The crab staggered back and forth on its wobbly legs. Obviously wounded, it tried to run away, but Malkav came up from behind and finished it with a quick stab through its crusted back. The skin cracked. With a heavy sigh, the crab collapsed into the sand. Its pinchers fell limp at its side.

“Ha!” Malkav cheered, spitting on the crab’s corpse. “Did you see that, Siarra? I slaughtered that thing!”

She didn’t answer, so Malkav turned to look at her. But he saw nothing but the bottom of her slipper coming down on top of him. He tried to run, but he couldn’t even scream; the foot was coming down too fast. It crushed him into the sand, he felt immense pain course through his body, and then there was nothing. The world was black. It slowly returned to color as Siarra lifted her foot and waved at Malkav’s flattened body on the ground.

“Did that hurt?” she asked.

“A little,” he squeaked. “How much HP do I have left?”

“None. You’re dead.”

“…Thanks, Siarra.”

“No problem!” she giggled, imitating Malkav’s victory by lightly spitting down on his body. “You have two choices now. Either you can lay there like a pancake until a cleric comes by and beg her for a resurrection or you can revive at your last bind spot.”

“What are the odds of a cleric showing up here?”

“In a newb zone? Slim to none.”

“And the odds of her resurrecting me?”

“Seeing as how you’re a guy, probably less than that. In this game, girls rule.”

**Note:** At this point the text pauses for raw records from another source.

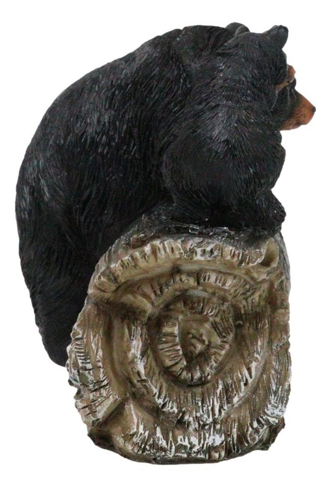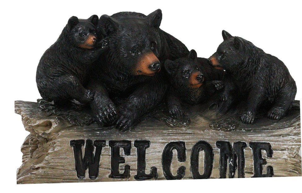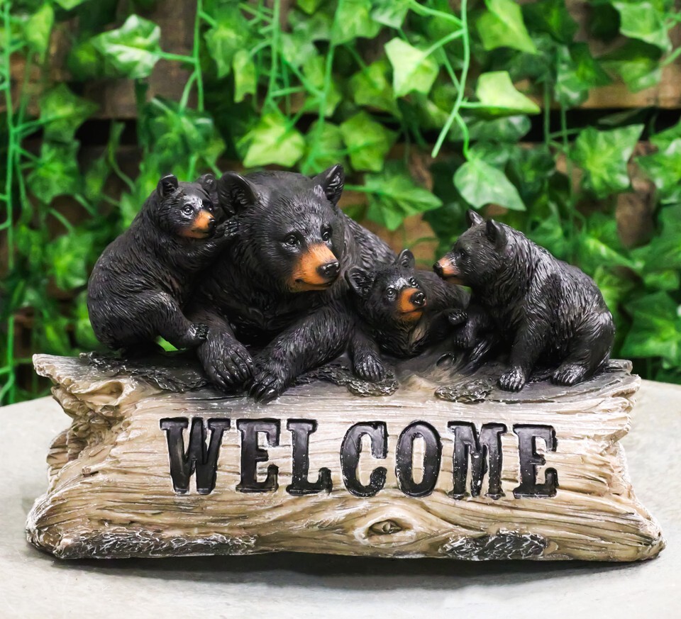 Rustic Forest Black Mama Bear And 3 Cubs Sitting On Welcome Log Sign Figurine
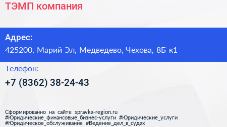 ТЭМП, компания по адресу 425200, Марий Эл, Медведево, Чехова, 8Б к1 в дальнейшем Организация, размещена в следующих категориях:
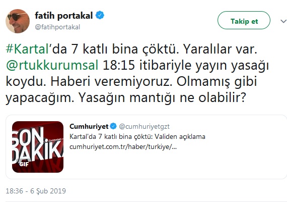 Sosyal medya hesabından açıklama yapan Fatih Portakal, "#Kartal’da 7 katlı bina çöktü. Yaralılar var. @rtukkurumsal 18:15 itibariyle yayın yasağı koydu. Haberi veremiyoruz. Olmamış gibi yapacağım. Yasağın mantığı ne olabilir?"
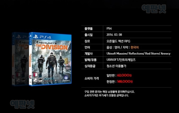 출처 : 예판넷 더 디비젼 예약판매 시간 및 가격 공개 - 예판넷 님의 글
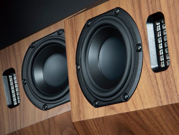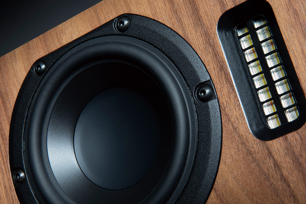 이번에 만난 알파는, 전체적으로 아이오타 시리즈에 속한다. 여기엔 가장 베이직한 아이오타부터 알파, 엑스플로러 등으로 이어진다. 본 기는 정확히 중간에 위치한 것이다. 내부 구성은 어찌 보면 심플하다. 상부에 두 개의 유닛이 나 있고, 우퍼는 바닥을 보고 배치되어 있다. 자연스럽게 우퍼에서 나오는 음은 바닥을 치고 사방으로 방사되게 설계되었다. 한편 상단에 있는 두 개의 유닛 중 하나는 EMIT 방식으로 만들어진 트위터이고, 또 하나는 미드·베이스다. 본 기는 3웨이가 아닌 2.5웨이 구성이라고 한다. 따라서 상부에 있는 미드·베이스가 거의 풀레인지에 버금가는 역할을 하고 있으며, 박스에 숨겨진 우퍼가 이 중 저역부만 악센트를 주는 형식으로 배치되어 있는 셈이다.
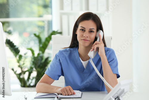 Beautiful nurse working with clients by telephone at table in hospital office
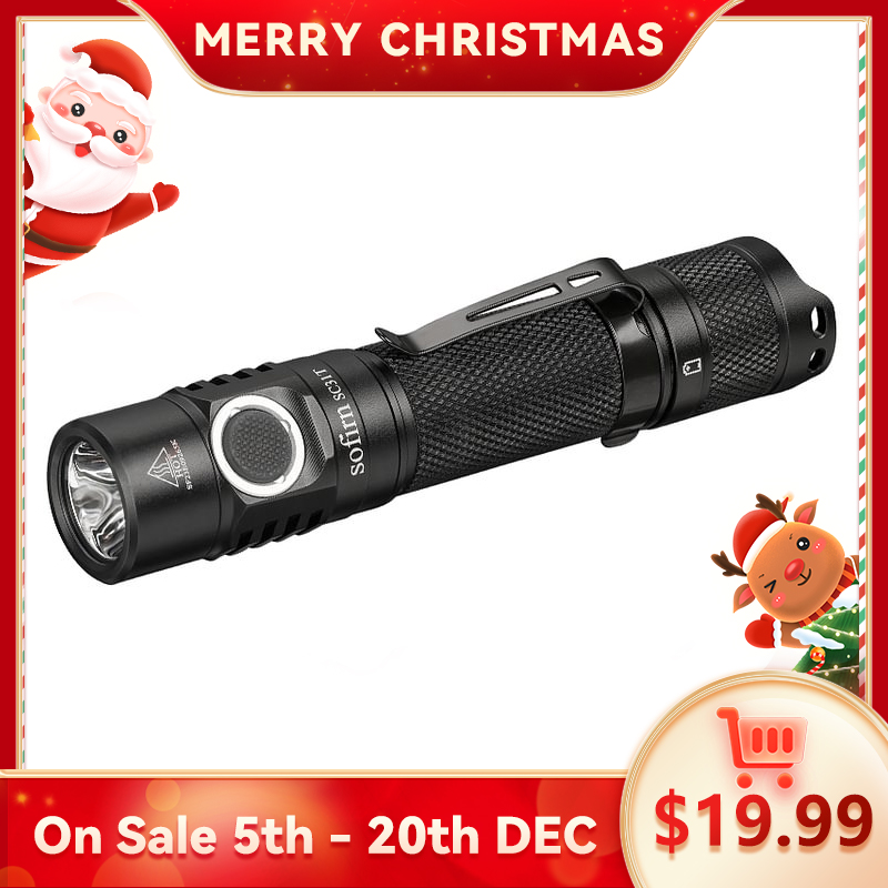 1. Super Bright: Sofirn SC31T utilizes 1 x SST40 LED(6500K or 5000K), powered by a single 18650 battery, giving out up to 2000 high lumens, throwing up to 206 meters .It’s bright enough for hiking, camping, dog walking, running, hunting, fishing etc.

“Well, I guess you can have your fantasy… I’ll just return to my bind spot.”

“Okay, say ‘return’.”

Malkav did so and his body dispersed. For a brief second, he felt himself flying through cyber space, and then he materialized back where he had entered Neverquest, next to the edge of the ocean. Its waters lapped at his feet again. Siarra was a few yards in front of him, still standing by the slain crab and Malkav’s skeletal remains. When his real body appeared again, though, she walked back over to the shoreline.

“I have to make that run all over again?” Malkav whined.

“You only made it about sixteen feet,” Siarra whined too, impersonating his voice.

“It’d be a lot easy if you weren’t trying to squish me!”

Siarra snapped her fingers and sparked a quick flame between her thumb and forefinger. “I could just use magic on you.”

“You touch me again and I’m giving you a swirlee tomorrow. In the boy’s bathroom.”

“Haha!” she laughed, but Malkav didn’t seem too happy.

“Seriously,” he said. “You may be bigger than me in your little make-believe world, but when it comes to reality, I’ll always come out on top.”

“Come on, Malkav… Don’t be like that.”

“I’m going to do my homework. Bye.”

Siarra frowned as Malkav’s body slowly vanished, indicating he had flipped the power switch on the helmet and logged off the game. Suddenly very lonely, she dug her feet into the wet sand, staring out over the fantasy sky before her. The birds, the clouds, the rush of the ocean against the sand—it was hard to keep telling herself that this was only a game. The graphics were so real. The tingle against her skin was so real. It was all so real.

Perhaps too real.

She combed her hair behind her head and turned off her helmet as well.